The Importance of Company Culture in Your Franchise
By: Bill Bradley
What kind of business do you want to run? One where employees clock in and out and fill the hours in between with minimal effort? Or a space that your staff considers their second home, where customers always marvel at how much fun everyone is having?
Defining company culture puts the power of shaping your company into your own hands. Culture is important for any business, but given that you buy into an existing company culture when you invest in a franchise, it’s important for you to understand what you’re getting into.
Each Franchise Has a Unique Culture
Maui Wowi Hawaiian Coffees & Smoothies encourages franchisees and employees to wear flip flops and Hawaiian shirts, emanating a laid-back culture. Hooters, with its tight shirts and short skirts, provides a sense of accessible guilty pleasure. Every franchise has its own culture, and that culture permeates down to customer experience.
If you’re in the shopping stage of buying a franchise, spend some time in other locations to get a sense of that culture. Do employees embrace it fully, or do they seem forced to shout out a greeting when you walk in? What appeals to you?
Keep in mind that embracing much of a franchise’s culture will be required when you sign your franchise agreement. For branding’s sake, the franchisor wants to ensure that the ethos it has created is spread across each and every franchise location. There will be little deviation from that culture, so make sure to pick one you can embrace.
Spreading That Culture
Once you are up and running, it will be your job as the franchisee to spread that franchise culture to your team. Your franchisor will have some guidelines and suggestions on how to do that, but you can find your own innovative ways as well.
Start with the franchise’s mission statement. It will likely be front and center in your franchise paperwork, so study it, understand it, then pass it on. You’ll need to refer back to it again and again, so build team-building activities around it.
The hiring process is your next opportunity to ensure that you bring on employees who embody the characteristics that support the company culture you’re working to cultivate.
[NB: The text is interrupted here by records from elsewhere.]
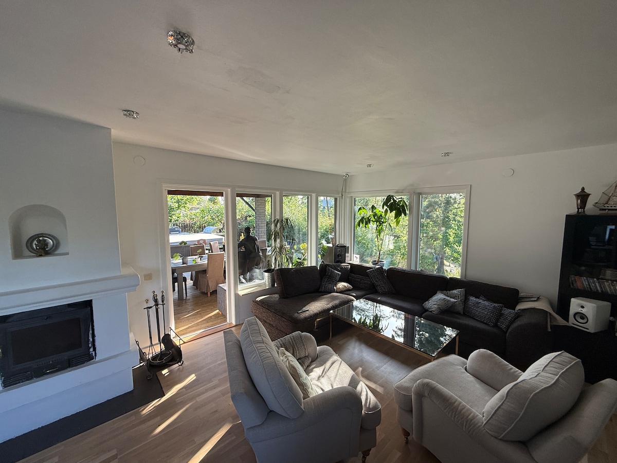 Te damos la bienvenida a un refugio tranquilo donde la naturaleza se encuentra con la comodidad. Esta espaciosa villa se encuentra en una zona privada con vistas al lago y puestas de sol al atardecer. El jardín aislado ofrece sol todo el día, una piscina climatizada en verano y una acogedora bañera de hidromasaje en invierno. Disfruta de acogedores espacios interiores y exteriores, perfectos para relajarse o socializar. A pesar del entorno sereno, el centro de la ciudad de Estocolmo está a poca distancia en auto o autobús, y ofrece lo mejor de ambos mundos.
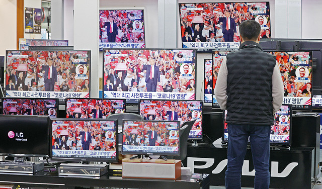 4일 오후 서울 용산구 전자랜드의 한 매장에 설치된 TV 화면에 11.3 미국 대선 개표 뉴스가 방송되고 있다.
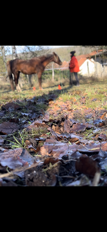 | Dire merci | Motivée par le petit rayon de soleil je me suis dit qu’on allait rattaquer le travail à pied avec Sakr ![]() Déjà je suis ravie du matos brockamp qui a pu être mis à l’épreuve suite à nos quelques désaccords ![]() On a pu revoir les distances et l’immobilité, il m’a épaté lui qui peut facilement être pot de colle. Pour le déplacement de hanches il faut que je sois vigilante, déjà la zone où je travaille est en légère pente donc il faut que je demande quand il est dans le « bon sens » au moins au début, parce qu’il a tendance à ramener l’épaule sinon. Et meilleure mise à l’épreuve de l’immobilité, le seau de grain, il a été parfait Maintenant va falloir qu’on bosse un peu régulièrement et que je sois plus précise dans mes demandes aussi. J’avais filmé mais mauvais cadrage et téléphone a fini par tomber ![]() ![]() Et pour rester dans les photos flous ![]() ![]() |
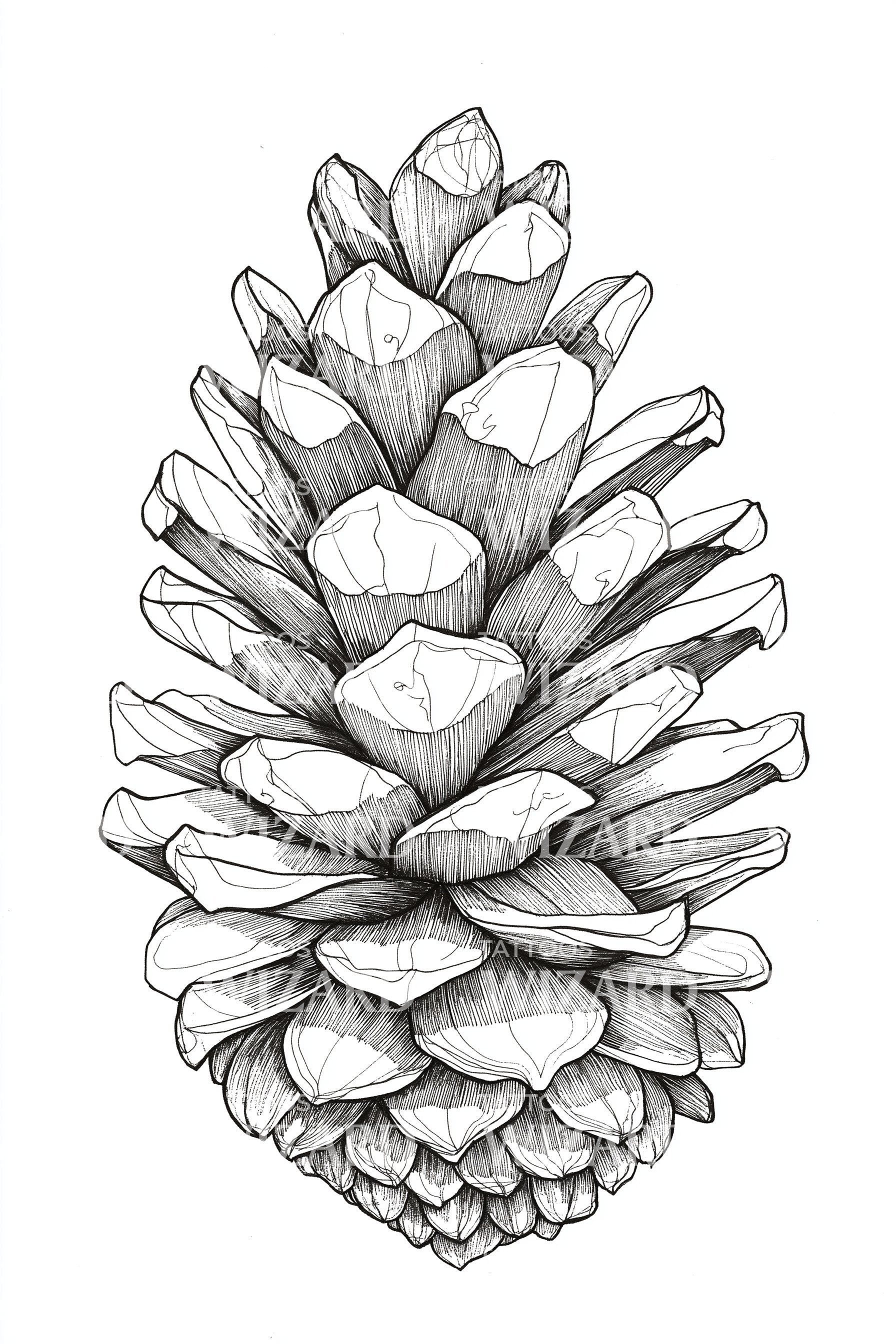 Pinecone wisdom, rendered fineline and minimal, holds the forest’s patience in your pulse. A botanical cone for the one who keeps tenderness armored, seeds saved for the right season. You claim quiet resilience, growth that waits. “Small vault of tomorrow, sealed in stillness.”

If you are hiring for your high-end retail franchise, you will look for different qualities than you would if you were hiring for a fast food franchise. What would make a good employee? What kind of people do you want at your franchise?
Then, once you’ve hired help, incorporate communicating that culture in your employee training. This is your opportunity to explain the franchise’s mission statement and elaborate on how employees can embody the corporate culture of the brand.
Developing Your Franchise’s Subculture
Just because the franchisor has a specific company culture doesn’t mean you can’t have your own subculture specific to your location. Maybe you celebrate the start of the weekend by buying pizza for your staff on Friday evenings. Or you encourage everyone to wear festive clothes during the holidays. You have the ability to make working for your franchise a joy, not a slog. It just takes the right company culture.